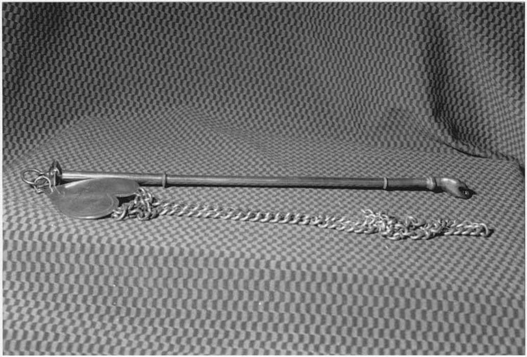 Yad comportant un chaînette et un coeur. La main de lecture est fichée au bout d'un manche tubulaire fin décoré de deux bagues de métal. Une sphère aplatie termine ce manche, muni d'un anneau auquel est fixé le coeur (en argent ?) qui porte une inscription. La chaînette est fixée par des anneaux aux lobes supérieurs du coeur.
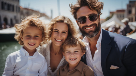 A happy family of four enjoying a moment together outdoors
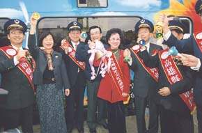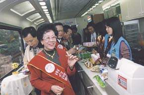 隨後,副總統在行政院副院長林信義及各縣市首長陪同下,登上餐車。在車上副總統並前往澎湖、屏東、高雄市、縣、台南市、縣、嘉義市、縣等八縣市車廂參觀、品嚐富有地方風味的各項特產。
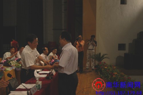 庆祝大会现场校党委副书记、副校长廖端芳讲话校党委副书记赵红主持大会校领导为湖南省高校教学名师谢水波教授颁奖
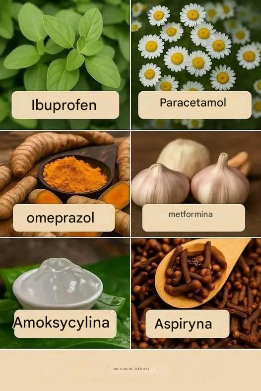Ibuprofen i mięta: Ibuprofen jest jednym z najczęściej stosowanych leków przeciwzapalnych łagodzących ból i stany zapalne. Zioła takie jak mięta zawierają związki, które pomagają rozluźnić mięśnie i zmniejszyć stan zapalny, a także działają chłodząco i kojąco. Mięta może być stosowana jako napar lub spray z olejkiem eterycznym, aby złagodzić bóle głowy, bóle mięśni i drobne bóle, stanowiąc cenną, naturalną alternatywę.
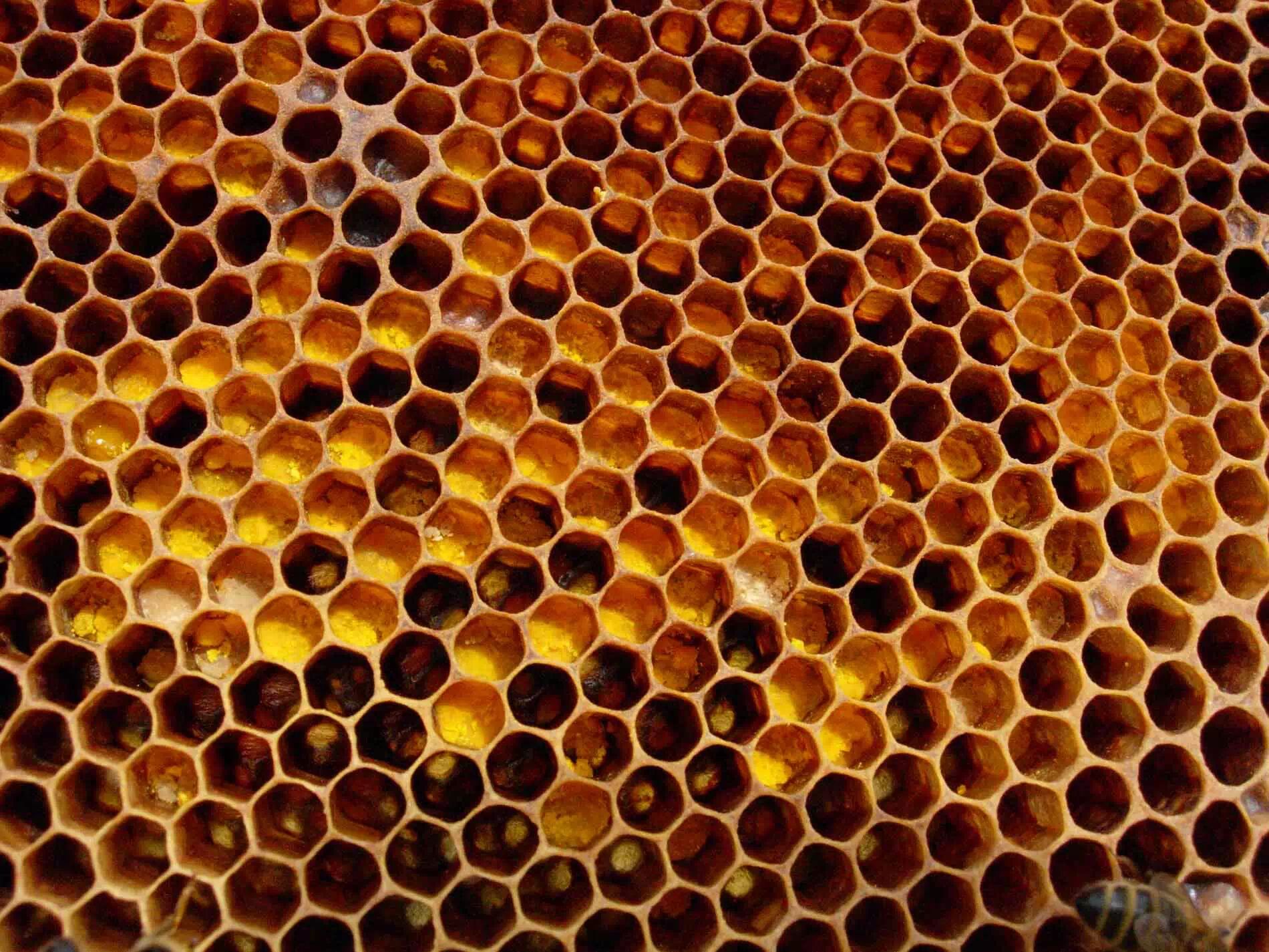 蜂巢中的蜜。结有白色蜡盖的是熟蜜,无封盖的为水蜜
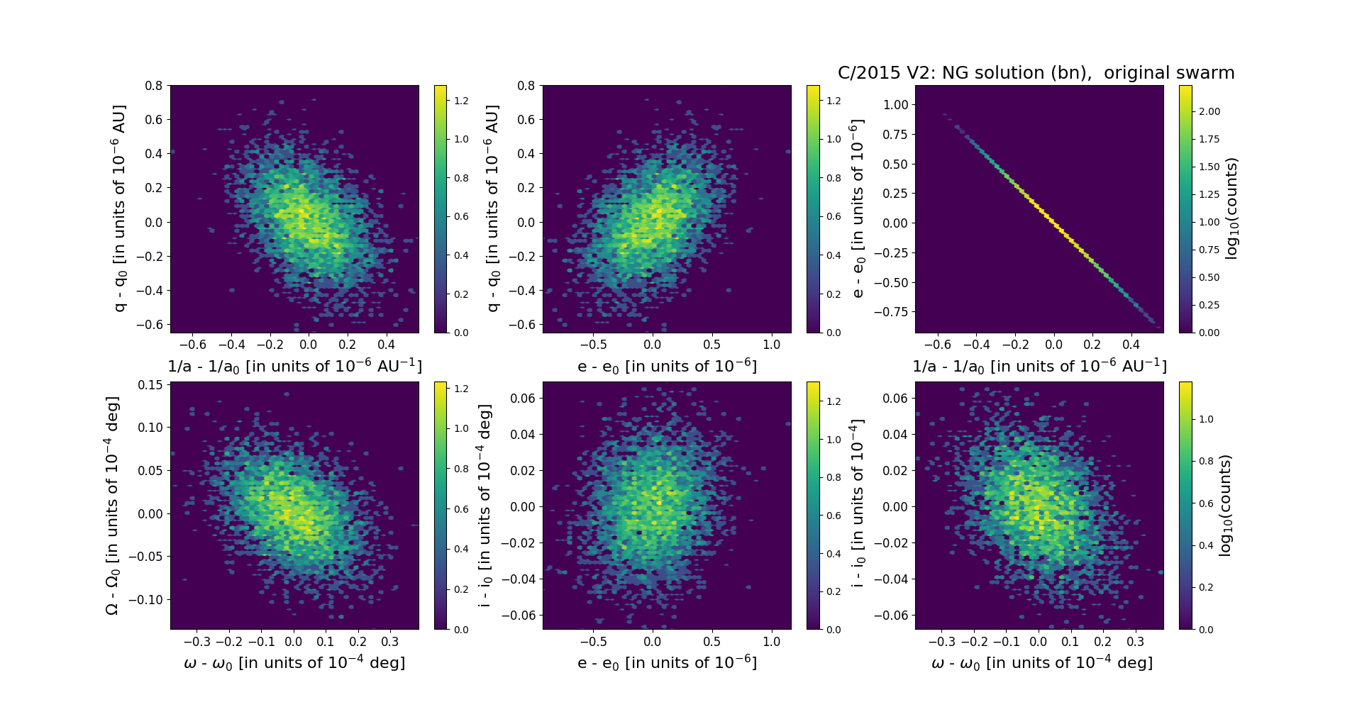 Comet C/2015 V2 was discovered on 3 November 2015 by Jess A. Johnson (Catalina Sky Survey), that is about a year and seven months before its perihelion passage. Next, 14 pre-discovery data were found going back to beginning of 2015 (January 11). Comet was observed extensively until 27 October 2019. C/2015 V2 had closest approach to the Earth on 4 June 2017 (0.811 au, about a week before the perihelion passage).
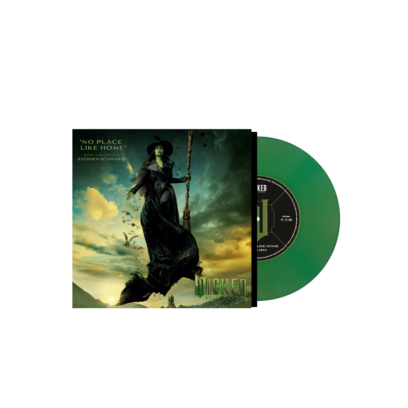 Limited edition green 7” vinyl featuring “No Place Like Home" and “No Place Like Home - Instrumental.” Wicked: For Good – The Soundtrack, features performances by the stars of the emotional, electrifying conclusion to Universal Pictures’ global cinematic Wicked sensation, Wicked: For Good. Wicked: For Good – The Soundtrack follows last year’s acclaimed, history-making release of Wicked: The Soundtrack, which marked the highest debut ever for a theatrical adaptation of a stage musical. With music and lyrics by legendary Grammy and Oscar® winning composer and lyricist Stephen Schwartz, the soundtrack includes two new original songs featured in the film: “No Place Like Home” performed by 3x Academy Award® nominee, Grammy-winning Cynthia Erivo as Elphaba, and “The Girl In The Bubble” performed by Academy Award® nominee, Grammy-winning Ariana Grande as Glinda. In addition, “The Wicked Witch of the East” is exclusively featured on the film soundtrack. It has never previously been released as part of the Original Broadway Cast Recording. The soundtrack also features fan-favorites “Thank Goodness,” “As Long As You’re Mine,” “No Good Deed,” and the title track “For Good.” Wicked: For Good arrived in theaters November 21, 2025.
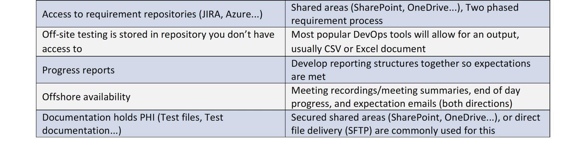Sometimes you are unable to perform your own software development and will need to work with either a third-party development group, or maybe even the software owners. When working with off-site vendors, you can run into challenges merging your quality assurance (QA) processes with theirs. This can surface in a handful of ways: access to each other’s requirements repository, visibility to progress, and access to testing documentation to name a few. So how can you implement a sufficient QA process when collaborating with another company?
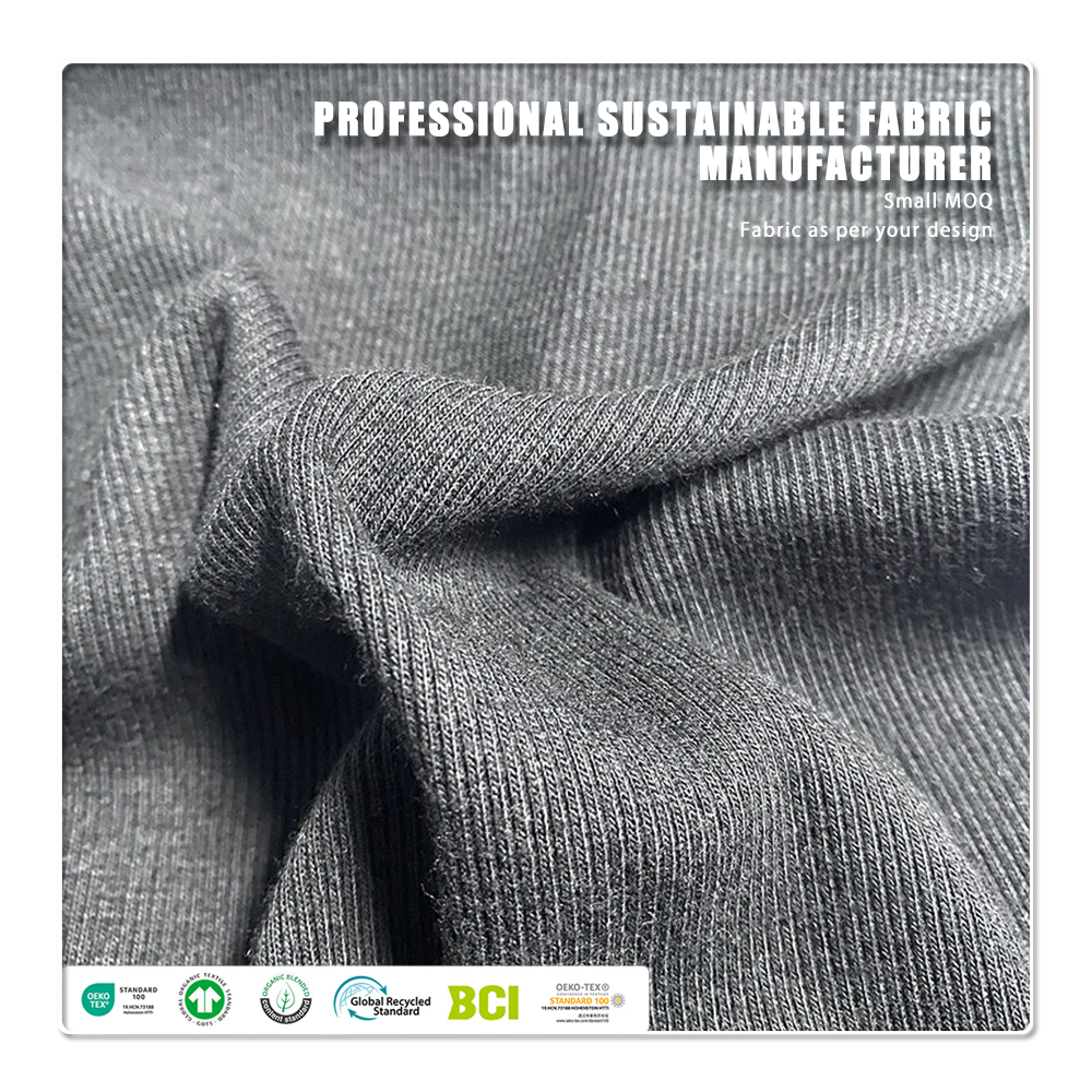 This heavyweight rib knit fabric is expertly engineered for premium activewear and girls' hoodies. It masterfully blends fashion-forward bamboo, certified organic cotton, and flexible spandex to achieve an ideal balance of structure, comfort, and performance.
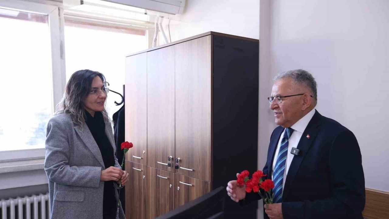 Kayseri Büyükşehir Belediye Başkanı Dr. Memduh Büyükkılıç, 8 Mart Dünya Kadınlar Günü dolayısıyla Büyükşehir Belediyesi’nin kadın personellerini görev yaptıkları birimlerde ziyaret etti ve karanfil ile hediye paketi takdim ederek kadın personellerin Dünya Kadınlar Günü’nü kutladı. Büyükkılıç, AK Parti Kayseri İl Kadın Kolları Başkanlığı’nı da ziyaret ederek İl Kadın Kolları Başkanı Meral Koşar ve kadın Kolları Teşkilatı üyelerinin Dünya Kadınlar Günü’nü tebrik etti.
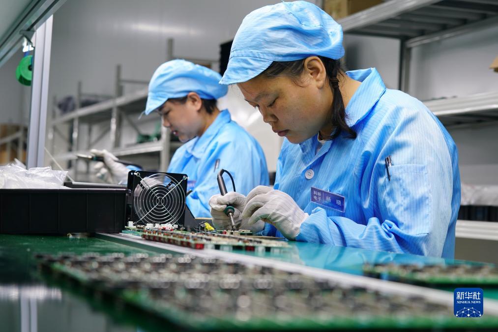 7月29日,河北省平鄉縣一家童車生產企業的員工在組裝電動童車控制器。
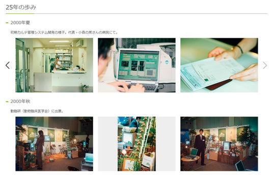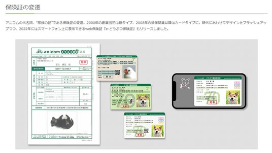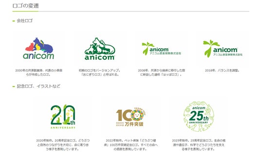 25周年記念ページでは、2000年共済創業時から現在に至るまでのロゴやイラストの歴史、アニコム損保のペット保険の象徴であり“家族の証”でもある「どうぶつ健康保険証」の変遷、そして25年間の歩みを写真とともにご紹介しています。
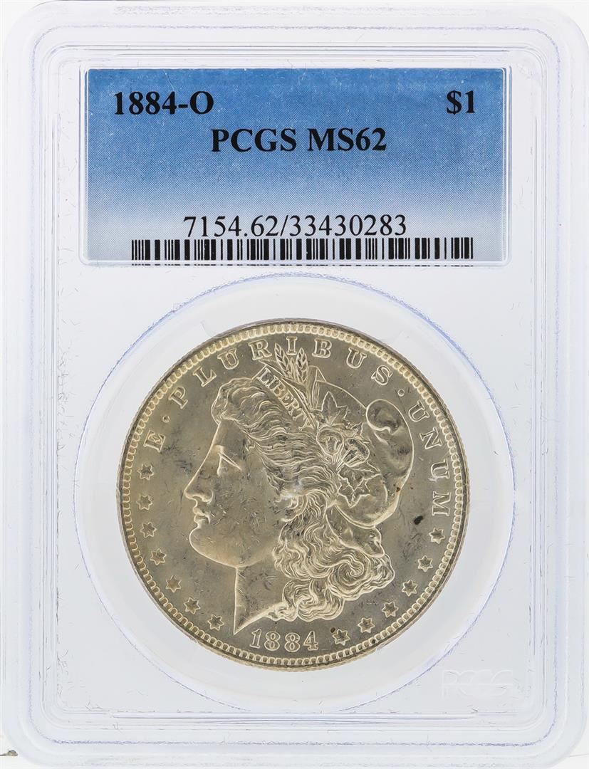 One 1884-O $1 Morgan Silver Dollar PCGS Graded MS62. PCGS Graded.
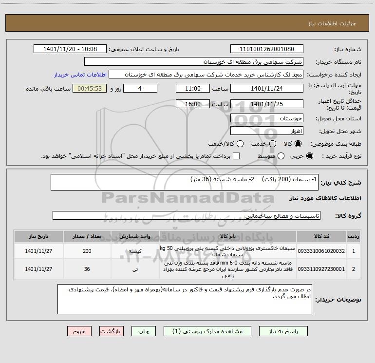 شرح کلی نیاز: 1- سیمان (200 پاکت) 2- ماسه شسته (36 متر)
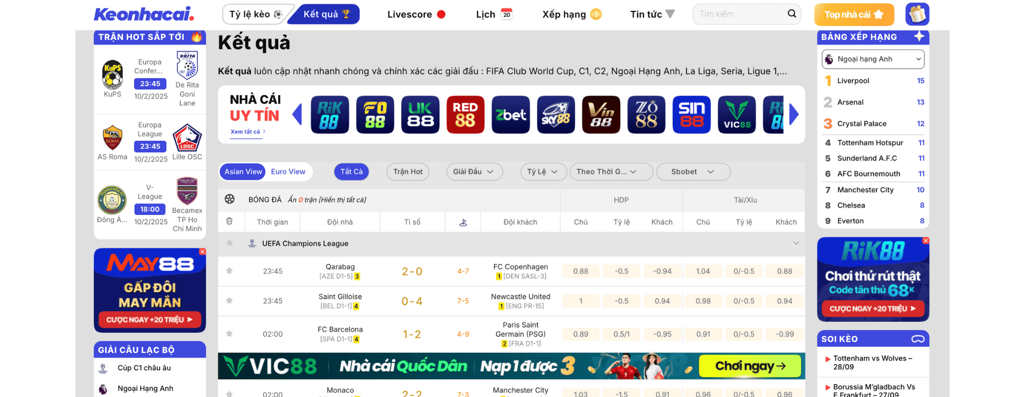 Kết quả luôn cập nhật nhanh chóng và chính xác các giải đấu : FIFA Club World Cup, C1, C2, Ngoại Hạng Anh, La Liga, Seria, Ligue 1,…

What is being asked –
With pictures omitted, repeat the entries above word for word from the line holding "隨後,副總統在行政院副院長林" down to the line holding "Comet C/2015 V2 was", keeping both of those lines.

Answer space –
 隨後,副總統在行政院副院長林信義及各縣市首長陪同下,登上餐車。在車上副總統並前往澎湖、屏東、高雄市、縣、台南市、縣、嘉義市、縣等八縣市車廂參觀、品嚐富有地方風味的各項特產。
 庆祝大会现场校党委副书记、副校长廖端芳讲话校党委副书记赵红主持大会校领导为湖南省高校教学名师谢水波教授颁奖
Ibuprofen i mięta: Ibuprofen jest jednym z najczęściej stosowanych leków przeciwzapalnych łagodzących ból i stany zapalne. Zioła takie jak mięta zawierają związki, które pomagają rozluźnić mięśnie i zmniejszyć stan zapalny, a także działają chłodząco i kojąco. Mięta może być stosowana jako napar lub spray z olejkiem eterycznym, aby złagodzić bóle głowy, bóle mięśni i drobne bóle, stanowiąc cenną, naturalną alternatywę.
 蜂巢中的蜜。结有白色蜡盖的是熟蜜,无封盖的为水蜜
 Comet C/2015 V2 was discovered on 3 November 2015 by Jess A. Johnson (Catalina Sky Survey), that is about a year and seven months before its perihelion passage. Next, 14 pre-discovery data were found going back to beginning of 2015 (January 11). Comet was observed extensively until 27 October 2019. C/2015 V2 had closest approach to the Earth on 4 June 2017 (0.811 au, about a week before the perihelion passage).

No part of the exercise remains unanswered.